Node/Page Conversion

The correspondence between page and node is: a contiguous set of physical pages in the file system is loaded into memory as a logical page, which is then converted into a node. The figure below shows a contiguous segment of data occupying two page sizes on the file system, first mmap’d into memory space and converted to a page type, then converted to a node via node.read.

boltdb-node-load-and-dump.png

The code for node.read converting a page to a node is as follows:

// read reads a page via mmap and converts it to a node
func (n *node) read(p *page) {
  // initialize metadata
  n.pgid = p.id
  n.isLeaf = ((p.flags & leafPageFlag) != 0)
  n.inodes = make(inodes, int(p.count))

  // load contained elements (inodes)
  for i := 0; i < int(p.count); i++ {
    inode := &n.inodes[i]
    if n.isLeaf {
      elem := p.leafPageElement(uint16(i))
      inode.flags = elem.flags
      inode.key = elem.key()
      inode.value = elem.value()
    } else {
      elem := p.branchPageElement(uint16(i))
      inode.pgid = elem.pgid
      inode.key = elem.key()
    }
    _assert(len(inode.key) > 0, "read: zero-length inode key")
  }
  
  // use the first element's key as this node's key, so the parent can use it for lookup and routing
  if len(n.inodes) > 0 {
    n.key = n.inodes[0].key
    _assert(len(n.key) > 0, "read: zero-length node key")
  } else {
    n.key = nil
  }
}

Node Element: inode

inode represents the internal elements contained in a node; branch nodes and leaf nodes also reuse the same struct.

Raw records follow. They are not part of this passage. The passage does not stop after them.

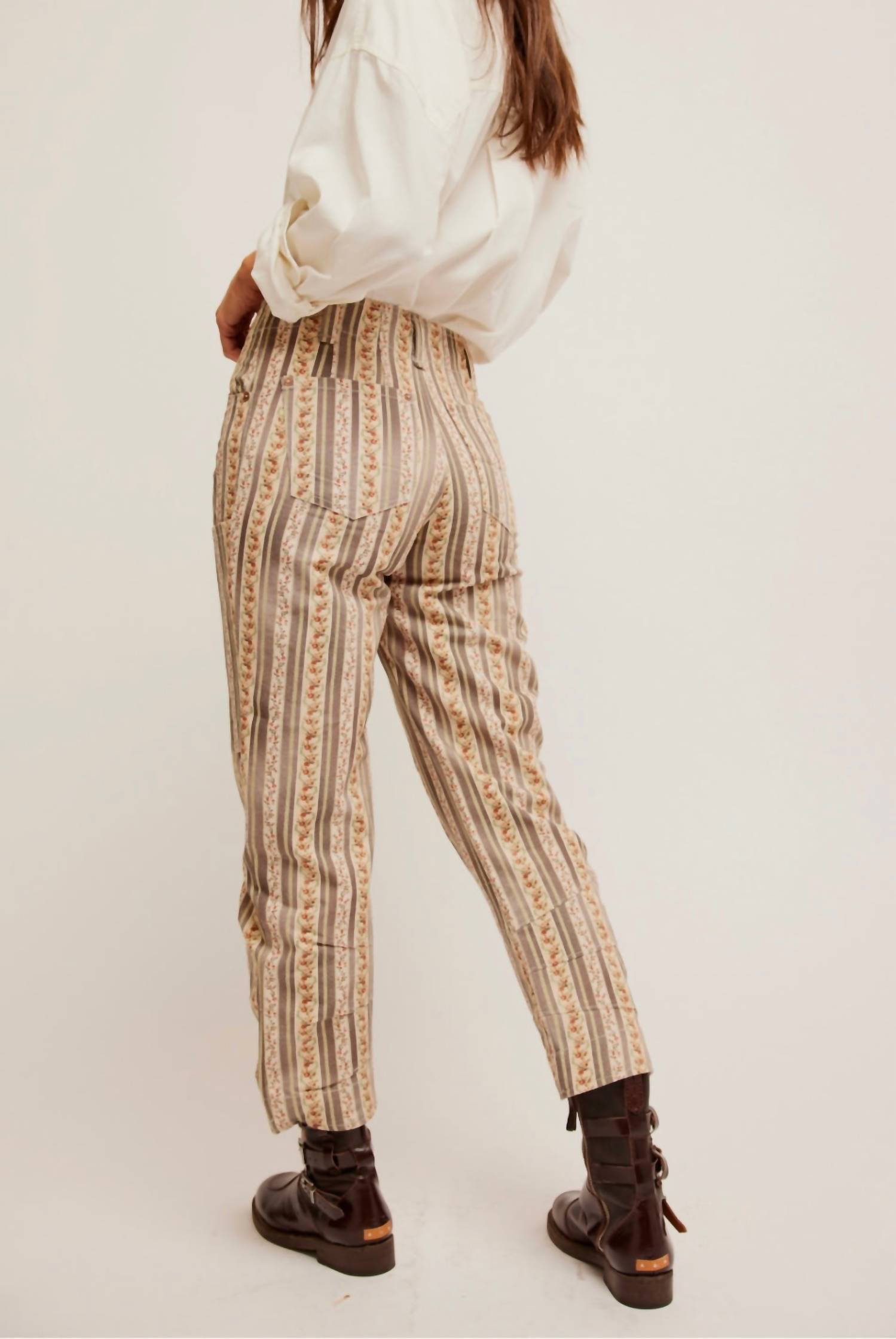 A straightleg pant that workes season after season. Dress these up with your favorite blouse or keep it casual with your go-to tee. Discover the Super Sonic Printed Slim Pants by Free People, an effortlessly stylish choice in a Neutral Combo stripe pattern. Expertly crafted from 100% cotton, these pants offer a low-rise, slim fit with a straight leg. Featuring a utility pocket detail, and tucked pleating, they are secured with a front button and zipper closure. Machine wash and lay flat to dry. Approximate measurements include a 35" length, a 26" inseam, a 15" waist, and a 9" rise.
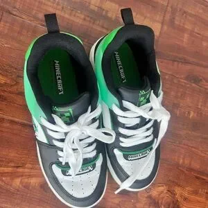 Worn once - excellent condition! Unleash creativity with these Minecraft-themed sneakers. Featuring a striking black and green design, they're perfect for young adventurers. Comfortable and stylish for everyday play.
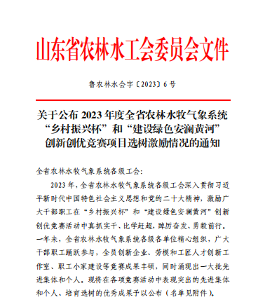 伟德国际1949喜获2023年度全省农林水牧气象系统工会创新创优竞赛项目选树激励四项荣誉
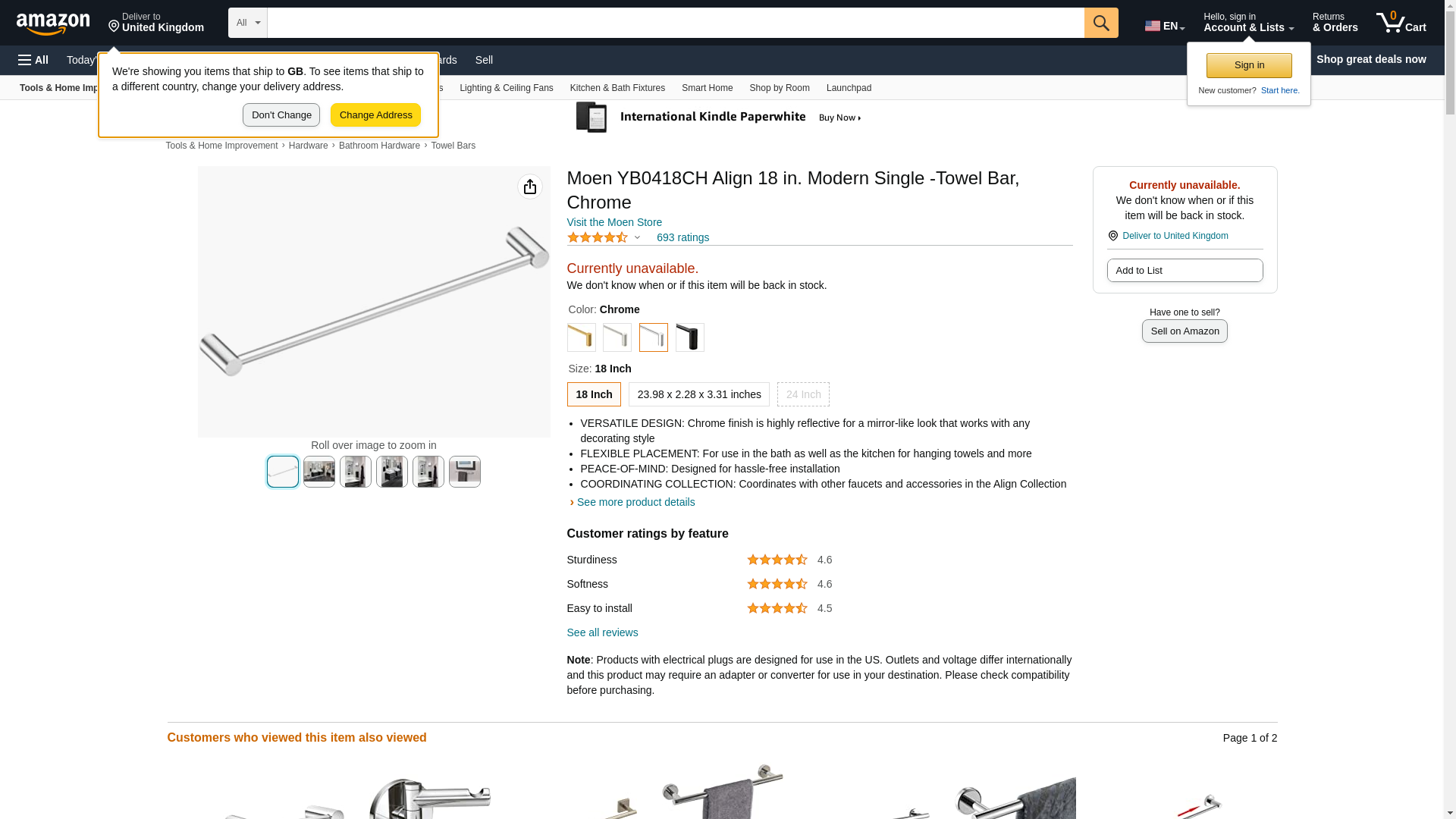 CSI YB0418CH Moen Align 18-Inch Bathroom Towel Bar, Chrome

For a branch node, a single element is key + reference; for a leaf node, a single element is user kv data.

Note that the reference type to other nodes here is pgid, not node*. This is because the element pointed to by inode is not necessarily loaded into memory. When boltdb accesses the B±tree, it converts accessed pages into nodes on demand, and stores their pointers in the parent node’s children field. The specific loading order and logic will be detailed in a later section.

type inode struct {
  // common fields
  flags uint32
  key   []byte
  
  // used by branch nodes
  pgid  pgid   // page id of the pointed-to branch/leaf node
  // used by leaf nodes
  value []byte // data stored in the leaf node
}

inode is used for routing in the B±tree—that is, in binary search.

Adding Elements

All data insertion happens at leaf nodes. If the B±tree becomes unbalanced after insertion, it will later be split and adjusted via node.spill. The main code is as follows:

// put inserts a key/value.
func (n *node) put(oldKey, newKey, value []byte, pgid pgid, flags uint32) {
  // find insertion point
  index := sort.Search(len(n.inodes), func(i int) bool { return bytes.Compare(n.inodes[i].key, oldKey) != -1 })
  
  // if the key is new rather than a replacement, make room for the element to be inserted
  exact := (len(n.inodes) > 0 && index < len(n.inodes) && bytes.Equal(n.inodes[index].key, oldKey))
  if !exact {
    n.inodes = append(n.inodes, inode{})
    copy(n.inodes[index+1:], n.inodes[index:])
  }

  // assign values to the element to be replaced/inserted
  inode := &n.inodes[index]
  inode.key = newKey
  // ...
}

The main logic of this function is fairly simple: binary search to find the insertion position; if it’s an overwrite, overwrite directly; otherwise, add a new element and shift everything to the right to make room. But the function signature is interesting: it has both oldKey and newKey, which seemed strange at first. It is called in two places:

When inserting user data into a leaf node, oldKey equals newKey, so the two parameters are redundant.
During the spill phase when adjusting the B±tree, oldKey may not equal newKey; in this case it is useful, but its purpose is still quite subtle from the code.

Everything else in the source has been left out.